How to Clean and Care for a Dog's Incision

By Jo Chester

Many dogs will have surgery at one time in their lives, usually when they are spayed or neutered. Dog owners may be asked to perform routine post-operative care of surgical incisions at home. These incisions require careful handling to prevent infection. Most veterinarians will provide care instructions when the dog is discharged. Contact your vet immediately if the wound starts to smell bad or if you see a discharge.

Frequently Inspect the Incision

A surgical incision typically is covered with a bandage to keep it clean. Some surgical sites, such as the head, neck or upper body, are either difficult to bandage or respond poorly if they are bandaged. These sites typically are left uncovered. If a wound is left unbandaged, it should be inspected frequently to ensure that no dirt, hair or other debris has entered the incision. A healthy incision should have clean, pink edges that have been drawn together by the sutures. Although a wound less than 48 hours old may be a darker, reddish-pink, it should never appear bright red or irritated. Bruising surrounding the incision is normal after the first couple of days. A small amount of blood seepage is normal for the first day after surgery, but is a cause for concern after that period.

Cleaning the Incision

Surgical incisions must remain clean and dry to heal properly. If your dog has a bandaged wound, the bandage should keep it from being contaminated. If an uncovered wound becomes dirty, clean it with a saline solution -- although tap water will do in a pinch. Lavage, the process of using a bulb syringe to apply large amounts of water over a wound, is a gentle and low-pressure manner of cleaning an incision. A Waterpik or similar device produces a higher pressure stream of water that may be more effective in delivering water to clean an incision. Your veterinarian can advise you of when lavage is needed or how to perform it. You should not bathe your dog until his incision heals. Do not apply any alcohol, hydrogen peroxide, creams or ointments to the wound unless directed by your vet.

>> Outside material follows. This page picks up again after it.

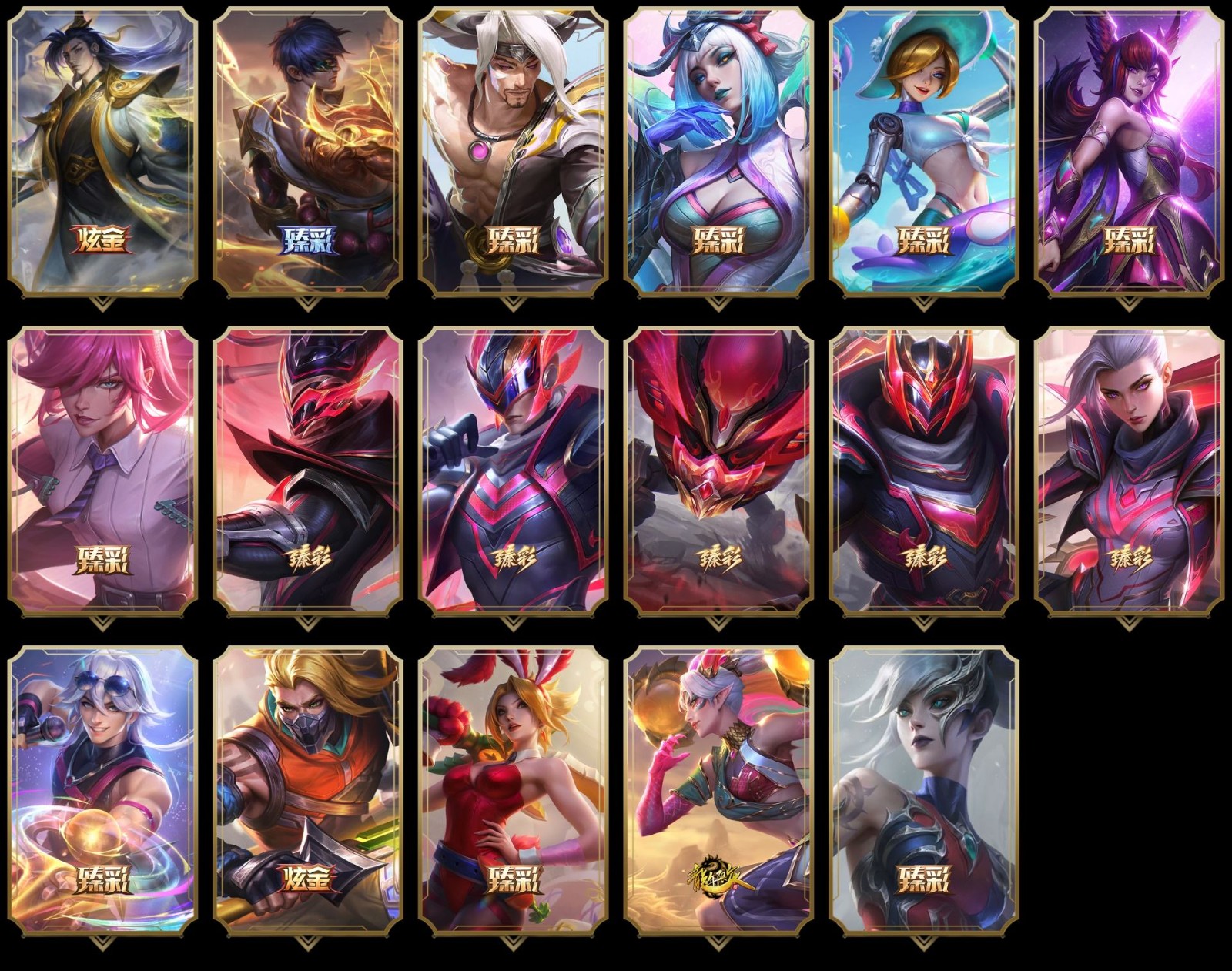 【重要皮肤】暗裔英雄嘉文四世至臻 太空律动魔音海妖娜美至臻 星之守护者辛德拉至臻 星之守护者艾克至臻 魅惑女巫莫甘娜至臻 女帝黛安娜至臻 战斗学院蕾欧娜至臻 太空律动璐璐至臻 魔女婕拉至臻 魔女乐芙兰至臻 奥术师佐伊至臻 未来战士卢锡安至臻 真实伤害亚索至臻 真实伤害赛娜至臻 灵魂莲华提莫至臻 灵能特工伊泽瑞尔至臻 福牛守护者菲奥娜至臻 源计划逆流塞拉斯至臻 源计划阴劫至臻 王国机神玄武盖伦至臻 暗星墨菲特至臻 神龙尊者炎龙瑟提至臻 黑夜使者凯隐至臻 神龙尊者均衡之龙沃利贝尔至臻 征服者贾克斯至臻 飞升战神潘森至臻 焰执事布兰德至臻 KDA二代卡莎至臻 KDA一代卡莎至臻 KDA伊芙琳至臻 KDA伊芙琳2022至臻 战斗学院拉克丝至臻 战斗学院拉克丝2022至臻 烈焰美人薇恩至臻 烈焰美人薇恩2022至臻 电玩女神凯特琳至臻 魅惑女巫厄运小姐至臻 真实伤害奇亚娜至臻 真实伤害奇亚娜2022至臻 绒毛菲兹至臻 绒毛菲兹2022至臻 腥红之月亚托克斯至臻 腥红之月亚托克斯2022至臻 未来战士锤石至臻 未来战士锤石2022至臻 黑夜使者李青至臻 黑夜使者李青2022至臻 灰烬征服者潘森 海克斯科技瑟庄妮 海克斯科技雷克顿 海克斯科技吉格斯 海克斯科技玛尔扎哈 海克斯科技波比 海克斯科技嘉文四世 海克斯科技阿木木 海克斯科技拉莫斯 海克斯科技魔腾 海克斯科技崔丝塔娜 永恒之森奥恩 暗星科加斯 黎明使者卡尔玛 零之枪骑赫卡里姆 摄魂使者薇恩 新创战纪希维尔 灵能特工易 龙的传人李青 神龙烈焰金克丝 碧玉之牙卡西奥佩娅 你看见过我的熊猫吗安妮 美猴王孙悟空 玉净夜叉凯特琳 烈焰美人薇恩 神龙之翼库奇 征服者贾克斯 王国机神青龙德莱文 王国机神朱雀蕾欧娜 王国机神苍狼瑟提 王国机神白虎贾克斯 王国机神玄武盖伦 福牛守护者厄斐琉斯 福牛守护者阿利斯塔 福牛守护者嘉文四世 福牛守护者菲奥娜 胜利之树茂凯 胜利机器人布里茨 胜利女神奥莉安娜 胜利枪神格雷福斯 胜利枪神卢锡安 胜利之剑亚托克斯 觅心萝莉金克丝 觅心猎手薇恩 幽梦玫瑰辛德拉 幽梦玫瑰泰隆 水晶玫瑰婕拉 水晶玫瑰斯维因 冬季仙境奥莉安娜 圣诞老人德莱文 冰雪驯鹿波比 冰雪风暴希维尔 狂心冰王图奇 魄罗骑士瑟庄妮 夺命美人卡特琳娜 平安夜女神娑娜 圣诞糖果棒厄运小姐 魅惑女巫莫甘娜 伯爵卡萨丁 泳池派对辛德拉 泳池派对奥莉安娜 泳池派对嘉文四世 泳池派对塔莉垭 泳池派对塔里克 泳池派对蕾欧娜 送披萨的小姐姐希维尔 制胜金球拉莫斯 FPX锤石 FPX薇恩 FPX李青 FPX普朗克 FPX墨菲特 iG卡蜜尔 iG洛 iG卡莎 iG艾瑞莉娅 iG乐芙兰 iG菲奥娜 SSG洛 SKTT1扎克 SKTT1奥拉夫 SKTT1瑞兹 SKTT1阿兹尔 SKTT1雷克顿 SSW雷恩加尔 SSW泰隆 SSW图奇 SSW辛吉德 SKTT1李青 暗杀星奥莉安娜 暗杀星慎 Fnatic库奇 Fnatic嘉文四世 Fnatic卡尔萨斯 冰雪节辛吉德 防暴天使凯尔 鬼影森森茂凯 鬼影重重魔腾 海贼瑞兹 胡桃夹子萨科 惊悚派对阿木木 南瓜头费德提克 圣诞狂欢努努和威朗普 圣诞老人古拉加斯 雪默丁格 雪装奈德丽 野兽猎人德莱文 野兽猎人瑟庄妮 野兽猎人泰达米尔 勇者阿狸 征服者阿利斯塔 征服者韦鲁斯 暗影沃里克 2021全球总决赛嘉文四世 波比的巧克力工坊 都铎王朝图奇 十五周年纪念希维尔 十周年纪念安妮 源代码乐芙兰 神凰行者瑞羽圣凰艾尼维亚 暗裔英雄盖伦 DJ娑娜 灵魂守卫乌迪尔 KDAALLOUT萨勒芬妮独立音乐人 KDAALLOUT萨勒芬妮明日新星 KDAALLOUT萨勒芬妮超级巨星

Prevent Licking and Chewing

Sutures or skin can get torn any time your dog licks or chews at his incision. Licking and chewing can soil or damage a bandage. It is possible that such activities will introduce bacteria to the wound. Using an Elizabethan collar, also known as “the cone” or the “e-collar” can prevent your dog from licking his incision. Alternatives to the Elizabethan collar, such as a stiff, plastic neck brace or a soft e-collar substitute, also can be used. Some dogs can be prevented from licking their incisions by applying bitter liquids to bandages or by covering a surgical site with clothing.

Prevent Energetic Exercise

Crate rest is best for the first few days after surgery. If he cannot be confined, do not allow him to jump on or off furniture or to run in the yard. Any strenuous activity can pull stitches and cause him pain. Short walks, on leash and at a slow pace are acceptable activity for most dogs, unless your vet says otherwise.